Help Center> Data Warehouse Service (DWS)> Management Guide> Monitoring and Alarms> Alarms> Alarm Handling> DWS_2000000009 Node Data Disk I/O Usage Exceeds the Threshold
Updated on 2024-06-14 GMT+08:00

DWS_2000000009 Node Data Disk I/O Usage Exceeds the Threshold

Description

GaussDB(DWS) collects the data disk I/O usage of each cluster node every 30 seconds. This alarm is generated when the average usage of a data disk on a node exceeds 90% (configurable) in the last 10 minutes (configurable), and is automatically cleared when the average usage drops below 85% (alarm threshold minus 5%).

If the data disk I/O usage of a node is always greater than the alarm threshold, the alarm is generated again 24 hours later (configurable).

Alarm Attributes

Alarm ID

Alarm Severity

Auto Clear

DWS_2000000009

Critical

Yes

Alarm Parameters

Parameter

Description

Alarm Source

Indicates the name of the system for which the alarm is generated, for example, GaussDB(DWS).

Cluster Name

Indicates the cluster for which the alarm is generated.

Location Information

Includes ID and name of the cluster for which the alarm is generated, and ID and name of the instance for which the alarm is generated, for example, cluster_id: xxxx-xxxx-xxxx-xxxx, cluster_name: test_dws, instance_id: xxxx-xxxx-xxxx-xxxx, instance_name: test_dws-dws-cn-cn-1-1.

Detail Information

Detailed information about the alarm, including the cluster, instance, disk, and threshold information. Example: CloudService=DWS, resourceId= xxxx-xxxx-xxxx-xxxx, resourceIdName=test_dws, instance_id: xxxx-xxxx-xxxx-xxxx, instance_name: test_dws-dws-cn-cn-1-1, host_name: host-192-168-1-122, disk_name: /dev/vdb, first_alarm_time: 2022-01-30 10:30:00; The log disk I/O usage of the node within 10 minutes is 90.54%, exceeding the threshold 90%.

Generated

Time when an alarm is generated.

Status

Indicates the status of the current alarm.

Impact on the System

  • High disk I/O usage affects data read and write performance, thereby affecting cluster performance.
  • A large number of disk writes occupy the disk capacity. If the disk capacity exceeds 90%, the cluster becomes read-only.

Possible Causes

  • A large number of read or write operations are performed during peak hours.
  • A large amount of data spills to disks due to the execution of complex statements.
  • Data is scanned by the Scan operator.

Handling Procedure

  1. On the Clusters > Dedicated Clusters page, locate the row that contains the target cluster and click Monitoring in the Operation column.
  2. In the navigation pane on the left, choose Monitoring > Node Monitoring. On the Node Monitoring page, click the Disks tab to view the data disk I/O usage and disk I/O rate.
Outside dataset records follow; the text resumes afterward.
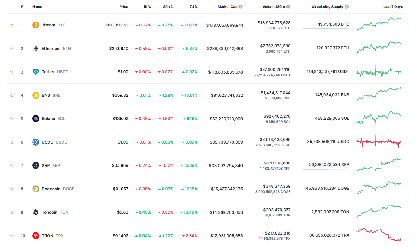 Единственной монетой из топ-10 криптовалют, оказавшейся в минусе, стал токен Tron (TRX). На момент написания он торговался, по данным Сoinmarketcap, в районе $0,1492 с внутринедельным понижением на 2,34%. Вероятно, актив корректируется после недавнего агрессивного роста, связанного с запуском площадки для создания мемкоинов SunPump.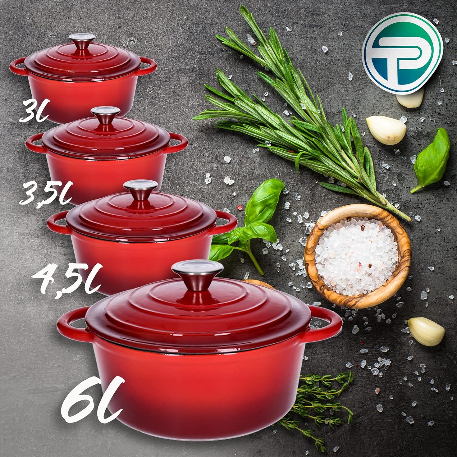 - Die energieeffizienten Töpfe sind emailliert und somit sofort einsatzfähig. Das heisst, sie müssen nicht eingebrannt, oder anderweitig vorbereitet werden. Durch die Emaille-Schicht kannst du unbesorgt säurehaltige Lebensmittel wie z.B. Wein oder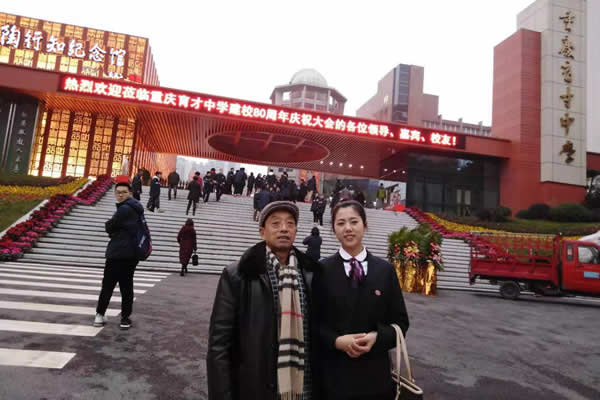 谈起我们的这次重庆之行,还得从《重庆陶研文史》说起。 早在两三年前,承蒙罗春秀、徐妮、贾振婷等这本杂志的几任编辑朋友们的厚爱,曾发表了我写的多篇陶研类文章。其中,撰写陶行知的高足、人民教育家《汪达之评传》的有关章节,至今还在“连载”之中。 当从这本杂志中获悉了育才中学正在筹备建校80周年庆典的消息之后,我便拟了一首贺诗《热烈庆祝重庆市育才中学建校八十周年》:浴火重生八十年,凤凰涅槃创空前。陶公建校时艰克,童稚启蒙烽火连。踯躅街头募捐助,盘桓古寺执教鞭。行知兴教民生养,赤子之心耀碧天。 为表贺诚之意,我还将这首诗请了青年书法家蔡刚枝老师写成了书法作品,连同我出版过的几本书《汪达之教育文集》(编著)《刘友开:语文教学新探索——一位“草根教师”的逐梦之旅》(论集)《一群小好汉群英谱——纪念中国人民抗日战争胜利70周年暨新安旅行团建团80周年》(诗集),寄给了罗春秀老师转育才中学校史馆惠存。当时,她己调到“校庆办”负责筹备校庆事宜。 令我喜出望外的是,罗春秀老师经请示校领导,竟向我和我的夫人发来了参会邀请。非常善解人意的罗春秀老师还告诉我们,她已为我们预订好了往返重庆的飞机票、落实了下榻的宾馆和由年轻教师杨秋兰老师负责接待我们。 时隔不久,我也收到了正在负责编写《重庆陶研文史》的贾振婷老师给我寄来《庆祝重庆育才中学建校80周年》的《重庆陶研文史》“特刊”,还将这首贺诗的书法作品彩印在这本精美“特刊”的扉页之上。未过几日,我就又收到了罗春秀老师寄来的参会《邀请书》。 如此等等,由敬意、感激和期待之情顿生欣喜的我,怎能不溢于言表:育才庆典八十年,预期盛况会空前。至谢相邀去共享,先睹为快幸占先。天下陶子是一家,行知研究润心甜。尚未成行先有情,梦中早己飞渝地。

    If the disk I/O rate is high and the data disk usage keeps increasing, it indicates that services are writing data to disks. This may be caused by complex queries.

  3. Click Queries in the navigation tree on the left to view the real-time queries.

    If the execution time of a statement exceeds the expected time, stop the query and check the disk I/O usage again. For details, see 2.

Alarm Clearance

This alarm is automatically cleared when the data disk I/O usage drops to a certain value.